Moussa Konaté and Pepe Souaré proved the shortcomings of the Mexican defense. Dárvin Chávez didn't have a good afternoon and was constantly exceeded by Senegal's footballers.
El Tri's left sideline was the weakest link of the squad. Both goals came from that side. The first one came as the result of a cross from Souaré, who left Chávez hanging, to Konate that sent the ball to the net with a header.
The Senegalese tied the match after a corner kick that Souaré sent to the farthest post, where Balde took advantage of the spaces that the defense left and gave his country hope with a superb header.
Mexico can't afford to make this kind of mistakes against Japan, who is fast and skilled and their technique is better than the African team.
Mexico tends to lose their temper when things are not going their way. This has to do with mentality, which many times seems to be hesitant.
When El Tri starts to despair, players start losing the ball and allow the other squad to gain confidence.
This results in adverse situations, like the one we saw today. After Senegal grabbed their first goal, Mexicans were lost, which led to confusion and, lastly, to the tying goal.
Keeping the game and a cool head is a must for next week's game. Japan is a team, and a nation for that matter, that manages to leave their emotions outside the pitch, thus being one of the strongest squads mentally speaking.
Giovani dos Santos, Marco Fabián and Oribe Peralta are skilled players that know how to attack and unbalance the defense. However, they have wasted a lot of goal opportunities, which later become a burden.
Against Senegal, dos Santos had one of the clearest chances to score. After several wall passes he decided to make the play showier than it already was and sent the ball back to Peralta. The defense rejected the pass and Mexico lost its chance.

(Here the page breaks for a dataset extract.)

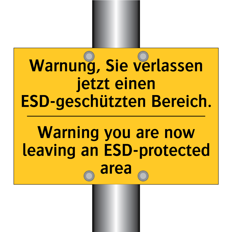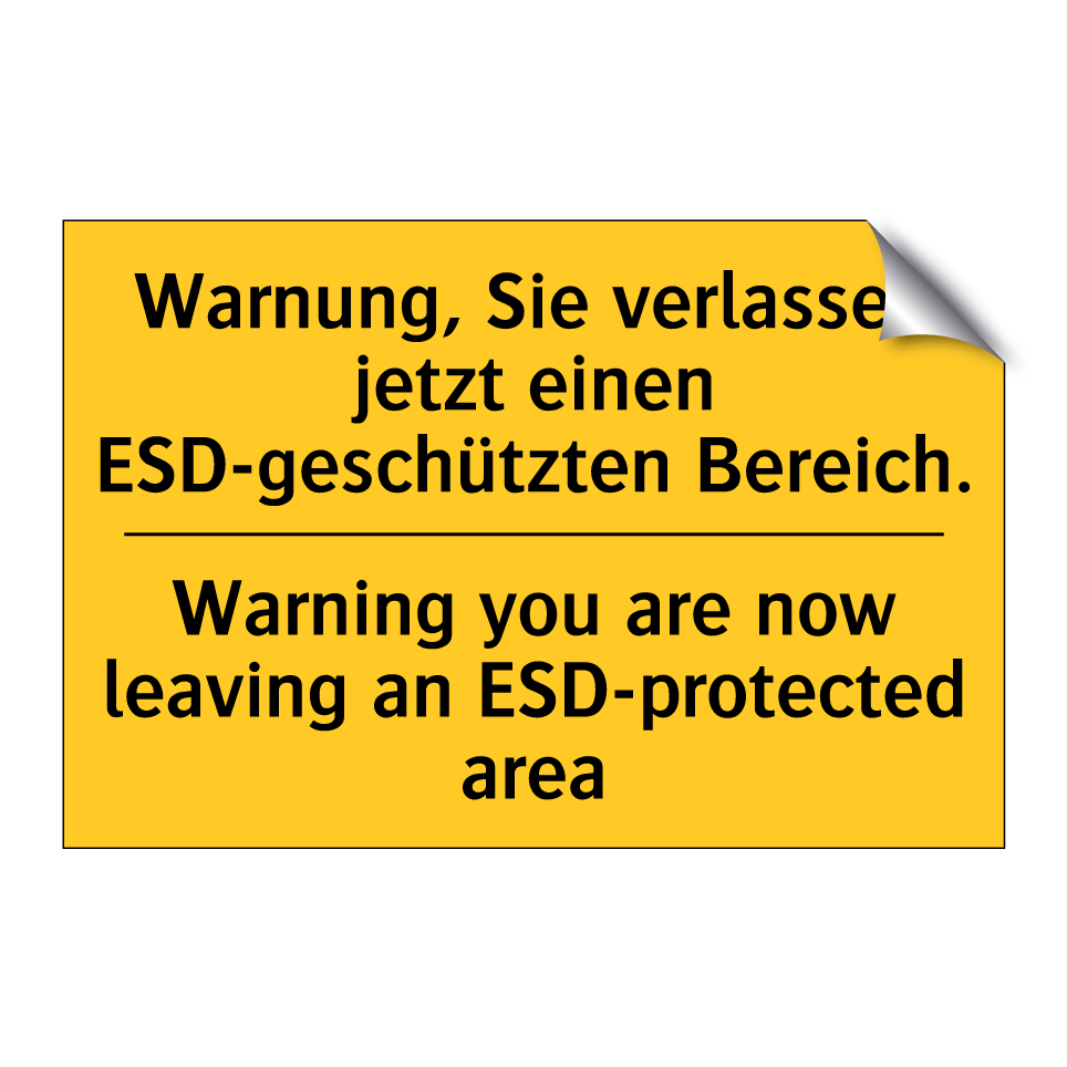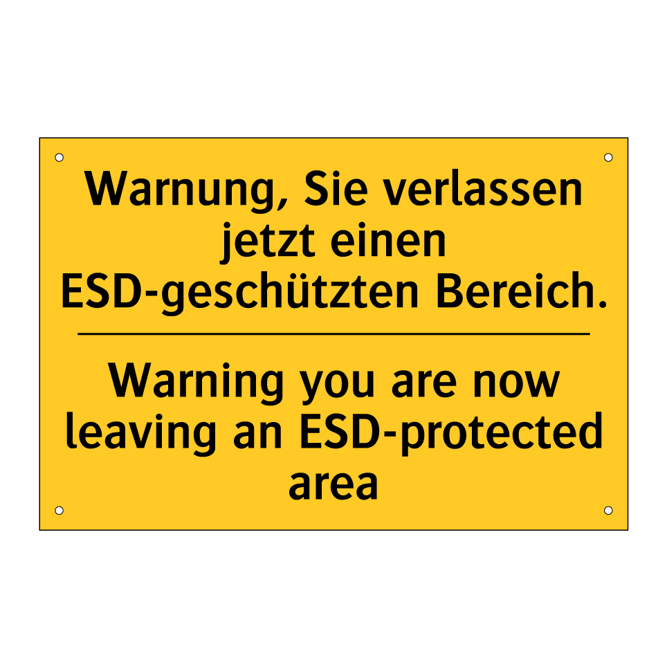 Zweisprachiges Warnschild mit deutschem Text Warnung, Sie verlassen jetzt einen ESD-geschützten Bereich. und englischem Text Warning you are now leaving an ESD-protected area

Same thing happens when the forwards send the ball away from the goal, even when they are in front of the keeper with no defensive players around them.
It doesn't matter if you are winning by one or by five goals, you have to stay focused and in control of the match.
After scoring the second goal, El Tri started to fool around and gave Senegal a lot of room and opportunity to control the ball.
The African squad didn't hesitate and in seven minutes tied the game, which put Mexico in a tough and compromising situation.
El Tri needs to understand that Japan is not going to give away anything and that their physical condition is wonderful, quite a contract from Senegal's players who were so tired that they were falling down in the overtime.
Mexico has always had a bad habit: adjust to the rival's pace. It's been clear in all four matches that El Tri has played that they lack of a rhythm of their own.
Instead, the Mexicans let the others play and they give them enough space, which results in controlling the midfield and putting El Tri in distress. This happens because the defense is not in its best moment and they take a lot of time to recover the ball.
When the Mexicans accomplish to get it back, they don't retain it long enough, which means they can't create plays calmly. So instead they depend on a individual effort, wall passes or crosses to have a shot to score.
Mexico will have two main concerns: Yuki Otsu and Kensuke Nagai. These two can play with eyes wide shut and still manage to complete passes and score goals.
Otsu, an attacking midfielder that plays for Borussia Mönchengladbach, has scored against Spain and Egypt, while Nagai, a born striker, did it in front of Morocco and Egypt.
Japan knows where to be to defeat Mexico. In their friendly match, two weeks ago, they opened the score after 52 seconds. This happened because the defense couldn't complete a series of passes and Hiroshi Kiyotake stole the ball and gave it to Nagai.
The striker crossed the ball, from the right sideline, and Keigo Higashi sent it to the net. Then, at the 86th Nagai made a powerful shot from outside the penalty area to put the score 2-1.
El Tri can't rely on Jesús Corona in every dangerous play; all the lines must do their work and to neutralize the Japanese attack, but the work must start in the midfield.
Unfortunately for Mexico, Héctor Herrera, one of the most accurate and tough midfielders, will miss the match—he has received two yellow cards.
It's time for Carlos Salcido and Jorge Enríquez to step up and make a real difference.